No. Everything that gets read is read-only. Postgres bandwidth peaks at 5% of normal load.

I work with a Gold partner — do I still need an independent audit?

If the partner bills hourly and keeps selling the «next phase», yes. If they are on a fixed-scope contract with phased payments and written SLAs, probably not.

Can I run the audit myself using this checklist?

Yes — 60% of the points come down to SQL and grep. The other 40% require reading custom code and business context. An internal audit by your own dev takes 40 to 60 hours; an external one takes the same 40 to 60, minus the bias.

What if the conclusion is that the Odoo cannot be saved?

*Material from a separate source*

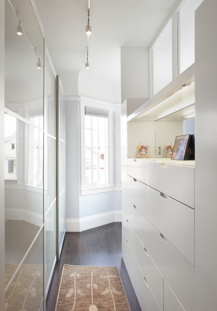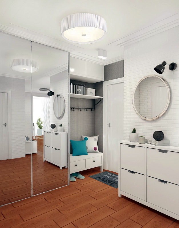 Les portes d'armoires à miroir rendront le couloir visuellement spacieux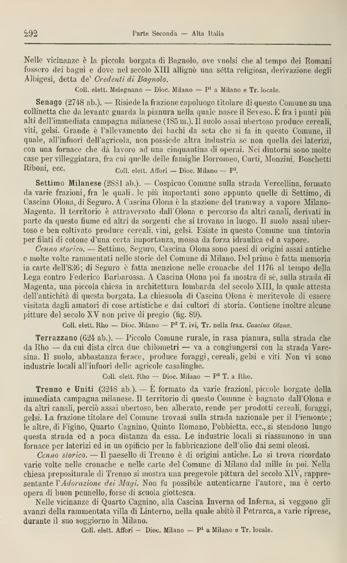 Coli, elett. Rho — Dioc. Milano — P'- T. ivi, Tr. nella i'raz. Cascina Olona.

In roughly 7% of cases the result is migration or re-implementation. You get a migration roadmap (Odoo Enterprise vs SAP Business One vs Microsoft Dynamics 365 BC vs Defontana), cost estimate, and cut-over plan. Cheaper than patching forever.

Does the audit cover Odoo Enterprise and Community?

Both. Enterprise adds a few commercial modules (Studio, Documents, Helpdesk Pro), but architecturally the audit is identical.

What about Odoo SaaS (odoo.com hosted)?

On SaaS there is no Postgres access and no custom code. The audit narrows to UI, configuration, and XML-RPC exports. Reduced format, around USD 800.

What does the auditor ask for on day 1?

A read-only Postgres user, filestore access, the list of custom/ modules with their Git remotes, sandbox PAC/PSE credentials, the latest ir.cron report, and a 30-minute conversation with whoever runs the month-end close. Without those five inputs, the first two days are spent asking for them.